The Hida belt consists of the Hida metamorphic rocks, the Unazuki metamorphic rocks and the Hida granites [4]. The Hida metamorphic rocks, composed mainly of orthogneisses, paragneisses, amphibolite and marble, were formed by several times of metamorphism, and the last regional metamorphism occurred in the eastern margin of the Eurasian continent during Early to Middle Triassic period (250–235 Ma; [5]). The Metamorphic grade reached from amphibolite to granulite facies, with eclogitic rocks [6]. Protolith of the Unazuki metamorphic rocks derived from late Paleozoic sediments, limestone and acidic volcanic rocks was also metamorphosed around 250 Ma at medium P/T conditions [7, 8]. The Hida granites consists of the Triassic Hida older granites and the Jurassic Hida younger granites [4]. We already reported 240 Ma and 190–180 Ma of 238U–206Pb weighted mean ages from the older and younger Hida granites, respectively [9].
SiO2 content of the Hida granites ranges from 52.7 wt.% to 75.1 wt.%. Both of the older and younger Hida granites show I-type granitic trends in 2–ASI diagram and have intermediate composition between sub-alkaline and alkaline series [10]. All samples are plotted in volcanic arc field of tectonic discrimination diagrams for granitoids (Nb+Y–Rb [11] and Rb/30–Hf–Ta*3 diagrams [12]).
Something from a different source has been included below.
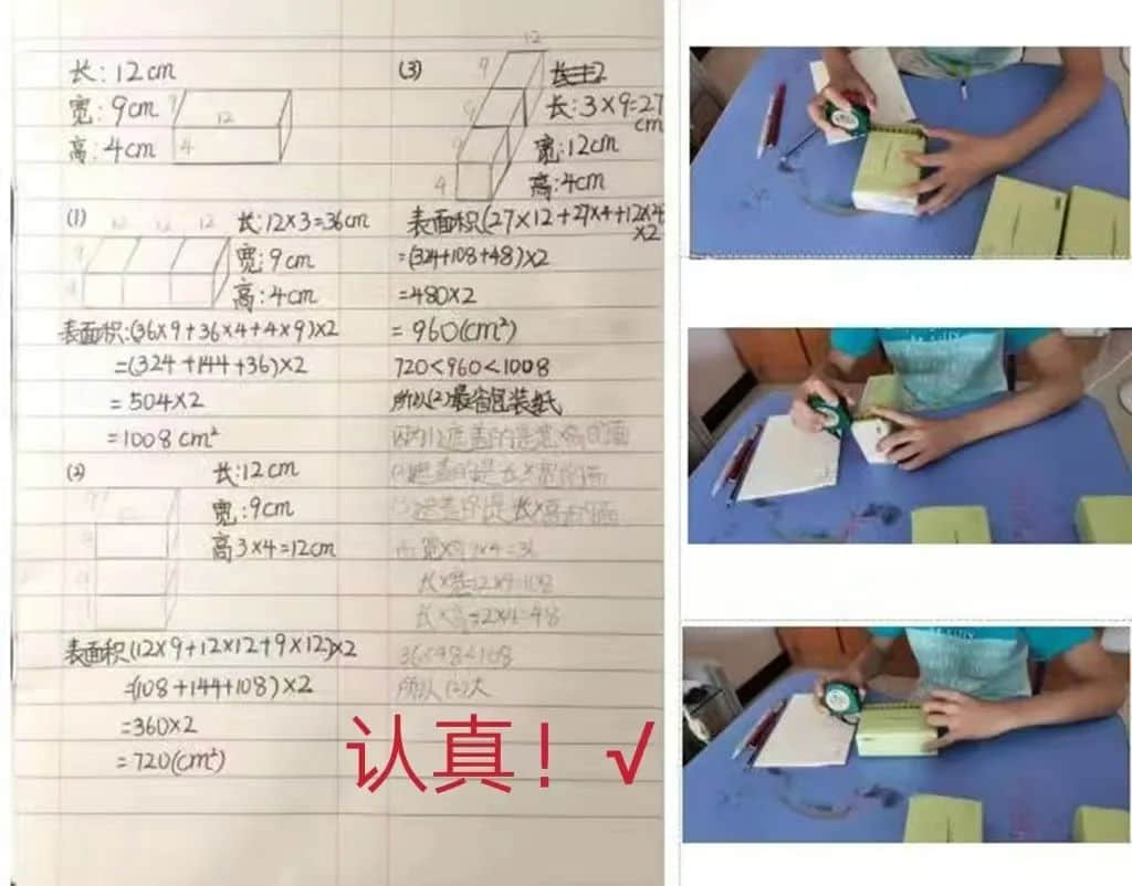 “包装问题”是长方体与正方体的表面积问题在现实生活中的应用。活动中让孩子们经历实际操作,学习分析、解决实际问题的基本过程和方法,体会数学与生活的联系。

Additionally, many samples of the Hida granites have adakitic composition (high Sr/Y ratio) and show depleted patterns toward HREE in REE pattern diagram. Negative anomalies of Nb and Ta in trace element patterns suggest that their origins are related to subduction zone magmatism. The Hida granites exhibit small variations in δ34S ranging from −2.1‰ to +5.2‰ and Δ33S from −0.02‰ to +0.00‰, suggesting sulfur was mainly derived from the mantle and subsequent high temperature mass-dependent processes. Our results of whole-rock geochemistry are consistent with the idea that the Hida granites were generated by melting of the mafic lower continental crust under high pressure environment where garnet coexists [13, 14]. It is considered that non-adakitic granites resulted from crustal melting under relatively low-pressure. Moreover, geochemical characteristics of the Hida granites suggest that the continental crust had grown in subduction zone of the margin of the eastern Eurasian continent.
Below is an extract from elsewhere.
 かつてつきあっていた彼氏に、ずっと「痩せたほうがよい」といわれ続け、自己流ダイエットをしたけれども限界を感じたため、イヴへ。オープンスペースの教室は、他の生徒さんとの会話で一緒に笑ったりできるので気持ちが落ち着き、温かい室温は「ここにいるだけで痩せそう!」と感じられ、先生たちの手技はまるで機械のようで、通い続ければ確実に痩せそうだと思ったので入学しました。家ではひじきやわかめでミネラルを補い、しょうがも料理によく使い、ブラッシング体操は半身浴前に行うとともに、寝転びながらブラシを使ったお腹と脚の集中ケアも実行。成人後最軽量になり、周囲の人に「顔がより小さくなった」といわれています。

[1] Horie et al., 2018. Chem. Geol., 484, 148–167.
[2] Wallis et al., 2020. Island Arc, DOI: 10.1111/iar.12339.
[3] Kunugiza et al., 2010. J. Geol. Soc. Japan, 116, 83–101.
[4] Takahashi et al., 2010. Gond. Res., 17, 102–115.
[5] Takahashi et al., 2017. Island Arc, DOI: 10.1111/iar.12220.
[6] Suzuki, 1973. J. Japan Assoc. Mineral. Petrol. Econ. Geol., 68, 372–382.
[7] Hiroi, 1978. J. Geol. Soc. Japan, 84, 521–530.
[8] Hiroi, 1983. Contrib. Mineral. Petrol., 82, 334–350.
[9] Yamada et al., 2019. Ann. Meet. Geol. Soc. Japan, abstr., 66–66.
[10] Miyashiro, 1978. Contrib. Mineral. Petrol., 66, 91–104.
[11] Pearce et al., 1984. Jour. Petrol., 25, 956–983.
[12] Harris et al., 1986. Collision Tectonics, Geol. Soc. Spec. Pub. 19, 67–81.
[13] Arakawa and Shinmura, 1995. Chem. Geol., 124, 217–232.
[14] Ishihara, 2005. Bull. Geol. Surv. Japan, 56, 117–126.